## [Task requirements]
Each line from the one containing "Binoculares SVBONY SV202" to the end of the data must be copied exactly, the first and last included; no other lines and no pictures belong in the copy.

+++

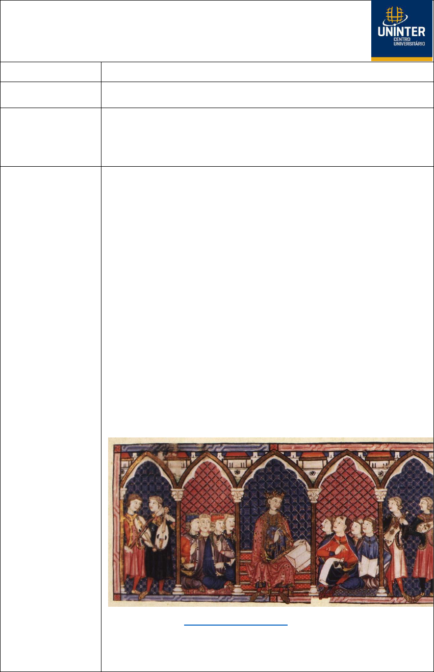 1 ESTUDO DE CASO MÓDULO/FASE Módulo C – Fase II (2018) DISCIPLINAS História Moderna História Contemporânea TEMA Tema: Medieval X Moderno PROBLEMA Quando estudamos o período de transição entre a Idade Média e a Modernidade, ou seja, os séculos XIV e XV, na sociedade do Ocidente europeu, observamos diversas transformações ocorrendo do ponto de vista político, econômico e cultural. Com o ambiente artístico não foi diferente. Verificamos alterações nos padrões estéticos, especialmente no modo como os homens e as mulheres eram representados. Como identificamos essas alterações? Vamos realizar uma análise comparativa entre duas imagens, uma medieval e outra moderna, para debatermos essas transformações, indicando seus elementos. A primeira imagem é relacionada ao Medievo. Trata-se de uma iluminura, do século XIII, presente na obra “Cantigas de Santa Maria”. O tema é: o rei Afonso X e sua corte. Disponível em: https://goo.gl/asZsJ8 Acesso em 30 de ago. de 2017. 2 A segunda representação, da Modernidade, é a obra “A Escola de Atenas”, (1509), pintura pertencente ao artista Rafael Sanzio (1483-1520). Disponível em: https://goo.gl/AVKgij Acesso em 30 de ago. de 2017. Em relação ao contexto de produção da imagem medieval, as seguintes leituras são aqui recomendadas, visando a compreensão do período histórico: Ana Carolina Almeida, “Pensando o fim da Idade Média: a longa Idade Média de Le Goff e a colonização da América de Baschet”; e Umbelina Scandolara Boleta, “O nascimento do comércio e o ressurgimento das cidades na Idade Média produzindo uma nova forma do pensar”. Em relação contexto de produção da imagem moderna, a seguinte leitura é recomendada, visando a compreensão do período histórico: Sandra Regina Franchi Rubim e Terezinha Oliveira, “A relação entre a arte e poder no Renascimento”. Sugere-se também o vídeo (com link nas referências) “Arte Medieval e Renascentista – Parte 1”. Para nossa análise comparativa, devemos inicialmente explorar os diversos elementos presentes em cada uma das imagens. Por exemplo, identificar os personagens e lugares representados, as formas de representação, o uso de linhas geométricas ou não, dentre outros aspectos. Ao mesmo tempo, devemos compreender os diferentes contextos de produção de cada uma das imagens. 3 Por fim, precisamos refletir sobre as aproximações e os afastamentos que identificamos, avaliando como se deu o movimento de transformações na arte entre os períodos Medieval e Moderno. QUESTÃO ORIENTADORA 1) Sobre a primeira imagemmedieval, vejamos as seguintes questões. Que personagem surge no centro da representação? Como os demais personagens surgem na cena? O que eles estão fazendo? As figuras humanas são realísticas? Quais padrões geométricos identificamos na construção do cenário? Observamos na imagem alguma herança da arte clássica, nos arcos e nas colunas? Como foi o uso das cores nas diferentes partes da imagem? 2) A partir dos elementos da primeira imagem e sua análise o que podemos depreender a respeito da política, cultura e sociedade medieval? 3) Sobre a segunda imagem, moderna, vejamos as seguintes questões. Onde estão, e como os personagens são representados? O que eles estão fazendo? A imagem é mais figurativa ou realista? Como ocorre o uso dos elementos geométricos e das proporções? Observamos alguma herança da tradição clássica ali? 4) A partir dos elementos da segunda imagem e sua análise o que podemos depreender a respeito da política, cultura e sociedade moderna? 5) Na relação entre as duas imagens, quais são as aproximações e os afastamentos que podemos verificar? De que modo as várias transformações na estética e nos tipos/temáticas de representações colaboram para nossa análise e compreensão da transição entre o Medievo e a Modernidade? *Responda a questões em uma única resposta-texto. 4 REFERENCIAL TEÓRICO 1) Artigo: ALMEIDA, A. C. L. “Pensando o fim da Idade Média: a longa Idade Média de Le Goff e a colonização da América de Baschet”. Revista tempo de conquista., v. 7, p. 1 – 15, 2010. Disponível em: http://revistatempodeconquista.com.br/documents/RTC7/ ANACAROLINAALMEIDA.pdf Acesso em: 26 set. 2018. 2) Artigo: BOLETA, U. S. “O nascimento do comércio e o ressurgimento das cidades na Idade Média produzindo uma nova forma do pensar”. VI Jornada de Estudos Antigos e Medievais da UEM, 2007, p.1-16. Disponível em: http://www.ppe.uem.br/jeam/anais/2007/trabalhos/007.pd f Acesso em: 26 set. 2018. 3) Artigo: RUBIM, S.R.F.; OLIVEIRA, T. “A relação entre a arte e poder no Renascimento”. Jornada de Estudos Antigos e Medievais da UEM, 2012, p.1-15. Disponível em: http://www.ppe.uem.br/jeam/anais/2012/pdf/r- z/41.pdf Acesso em: 26 set. 2018. 4) Vídeo: “Arte Medieval e Renascentista – Parte 1”. Disponível em: https://www.youtube.com/watch?v=X- az2ijSqAg Acesso em: 26 set. 2018.
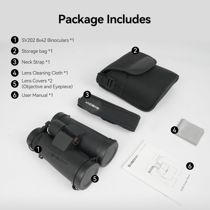 Binoculares SVBONY SV202 ED 8x42 – Prismas BAK-4, Lentes FMC, IPX7
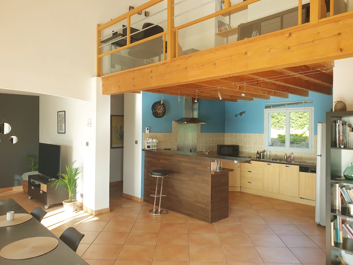 Bienvenido “Al murmullo del arroyo”⭐️⭐️⭐️ Loft con encanto de 50m2 independiente y de gran volumen situado en el corazón del parque regional de los Pirineos Ariégeoises. ⛰️ Venga a disfrutar de un lugar tranquilo y cálido al borde del bosque y del arroyo. Encontrará un espacio de baño abierto con bañera de acacia, junto a la chimenea en invierno. 🔥 Un balcón y un jardín con la frescura del arroyo en verano . 🌼 1h Toulouse / 15 min Foix / 1h estaciones de esquí
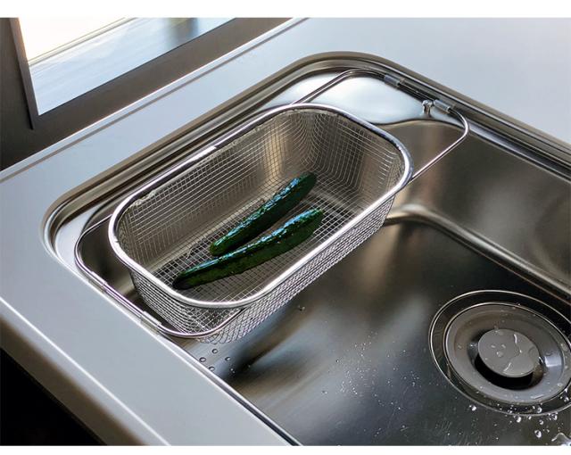 日本製 燕三条 シンクに渡せる 水切りかご すっきり暮らす水切りかご シンク渡し 食洗機対応 ステンレス 水切りカゴ バスケット コンパクト 頑丈(代引不可)【送料無料】
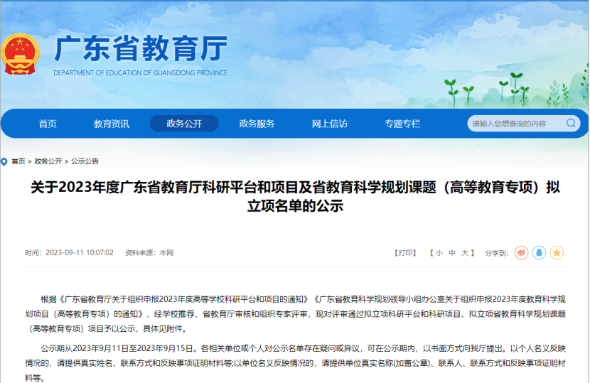 近日,广东省教育厅公布的2023年度广东省教育厅科研平台和项目及省教育科学规划课题(高等教育专项)拟立项名单的公示中,酒店偷拍

+++

## [Solution for this exercise]
 Binoculares SVBONY SV202 ED 8x42 – Prismas BAK-4, Lentes FMC, IPX7
 Bienvenido “Al murmullo del arroyo”⭐️⭐️⭐️ Loft con encanto de 50m2 independiente y de gran volumen situado en el corazón del parque regional de los Pirineos Ariégeoises. ⛰️ Venga a disfrutar de un lugar tranquilo y cálido al borde del bosque y del arroyo. Encontrará un espacio de baño abierto con bañera de acacia, junto a la chimenea en invierno. 🔥 Un balcón y un jardín con la frescura del arroyo en verano . 🌼 1h Toulouse / 15 min Foix / 1h estaciones de esquí
 日本製 燕三条 シンクに渡せる 水切りかご すっきり暮らす水切りかご シンク渡し 食洗機対応 ステンレス 水切りカゴ バスケット コンパクト 頑丈(代引不可)【送料無料】
 近日,广东省教育厅公布的2023年度广东省教育厅科研平台和项目及省教育科学规划课题(高等教育专项)拟立项名单的公示中,酒店偷拍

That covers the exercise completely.